KFC shakes up management: 90 workers axed under reorganization plan

Nation's Restaurant News, June 26, 1989 by Milford Prewitt

KFC shakes up management

LOUISVILLE, Ky. -- For the second time in as many years, Kentucky Fried Chicken has overhauled its management structure, this time slashing its divisional field-service network in half and eliminating 90 workers in the process.

The reorganization calls for merging two separate field-service activities, both of which provided the same support services to company-owned units and franchisee outlets but which had separate management and staffs.

Don Parkinson, former vice president for the Eastern United States, was elevated to the new post of senior vice president of operations, with each new division vice president and general manager reporting to him. Parkinson reports to Steve Fellingham, president of KFC-USA.

"The net effect of this is that management will be closer to the field offices, which in turn will be closer to the franchisees, who in turn will be closer to the people who are most important in all of this, the customers," said Gregg Reynolds, a KFC spokesman.

Under the reorganization plan, KFC will consolidate nine divisions into five and maintain 12 regional field offices.

The plan creates a Northeast Division headquarters office in Baltimore, a Southern Division in Atlanta, a North Central Division in Chicago, a South Central Division office in Dallas, and a West Division office in Santa Ana, Calif.

Regional offices will be located in the five divisional headquarters cities and Philadelphia; New York; Orlando, Fla.; Charlotte, N.C.; Detroit; Houston; and San Francisco. Kansas City, Detroit, San Francisco, and Charlotte were formerly divisional headquarters cities.

Some franchisees said they supported the downscaling but regretted that some regional managers they worked with over the years were dismissed.

"I see this as a very positive move," said Wayne Jones, president of Marcus Restaurants, Milwaukee, a 34-unit KFC franchisee. "Every large company in America is looking for ways to save administrative and overhead costs. So I don't think this will affect the franchisees.

"But I do hate to see a few of the old-timers retire. They were very good, but fortunately they left a lot of good, young people behind them."

Allan Scott, vice president of finance and general manager of Marshall Scott Enterprises, a 10-unit franchisee in St. Louis, said he wished the company could have saved some of the jobs.

Scott said he had typically dealth with the Kansas City staff, one of the divisional offices now shuttered.

"I don't know what has happened to some of the people over there," Scott said. "It's sad to see people you've known and worked with lose their jobs."

Appointed to the division vice president and general manager positions are Gary McCain in the Northeast; Ray Cabana, South; Dennis Gramm, North Central; Michael DeNoma, South Central; and Chuck Rawley, West.

McCain, Gramm, and Rawley are veteran KFC operations executives, and Cabana joins KFC from Taco Bell, where he had been Southern Division vice president of operations. DeNoma, formerly the Cincinnati area manager, joined KFC in 1988 from Pepsi-Cola International.
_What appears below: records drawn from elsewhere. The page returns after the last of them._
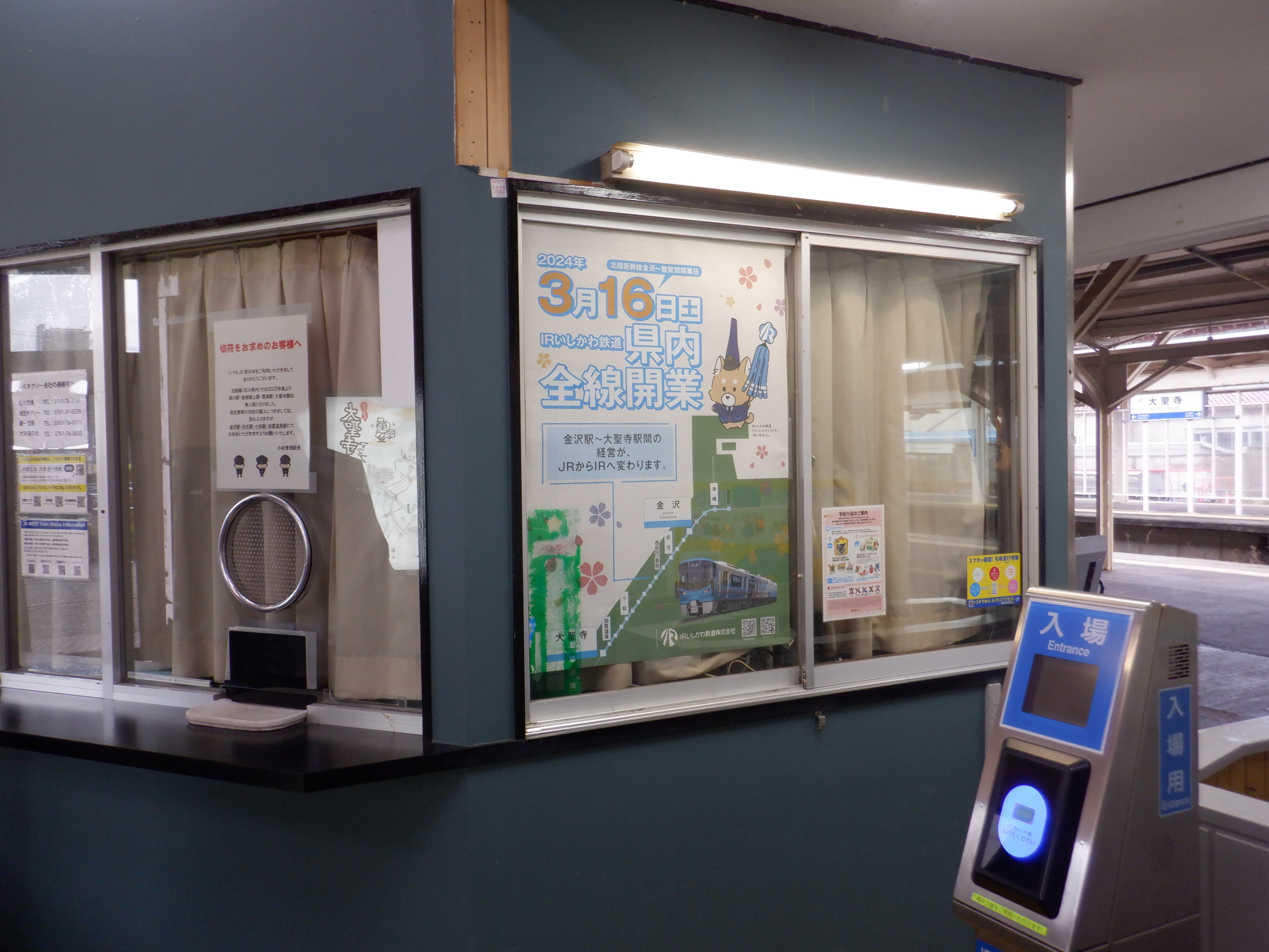 改札口のところにはIRいしかわ鉄道県内全線開業のポスターが貼られていました。
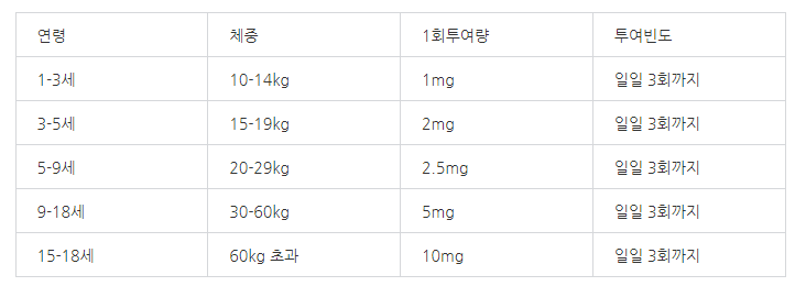 특히 성인 기준으로 수술 후 구토를 한다면 10mg 1회 투약으로 충분한데, 하루 최대 3회복용을 권장합니다. 그리고 1~18세 아이들의 경우는 체중당 0.1~0.15mg을 투약받을 수 있으니 아래와 같은 투약 용량을 확인 바랍니다.
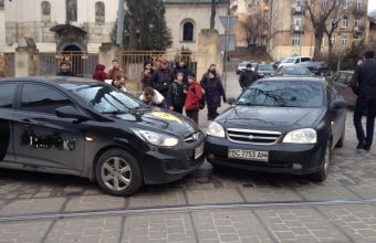 У громадській організації «Варта 1» повідомили в п’ятницю: «На вулиці Хмельницького – ДТП, трамваї стоять, водій зриває наклейки «ЯндексТахі» з автомобіля».

The 90 discharged employees represented a broad spectrum of job classifications ranging from clerks to divisional managers, but Reynolds said he did not have enough information to delineate specific job functions. Nor could he say what percent of total field service employees the discharged workers represented.

The changes eliminate a layer of field-service management the company has wanted to do something about since the late 1970s but has been unable to do anything until 18 months ago, Reynolds noted.

In fact, the company's streamlining comes nearly a year after the company discharged 90 headquarters staffers in what was described as a decentralization plan.

Reynolds said the company had been contemplating the reduction of the field-service operations for at least a decade but more pressing objectives -- principally a need to improve food quality and customer service -- made the cutback a lesser priority.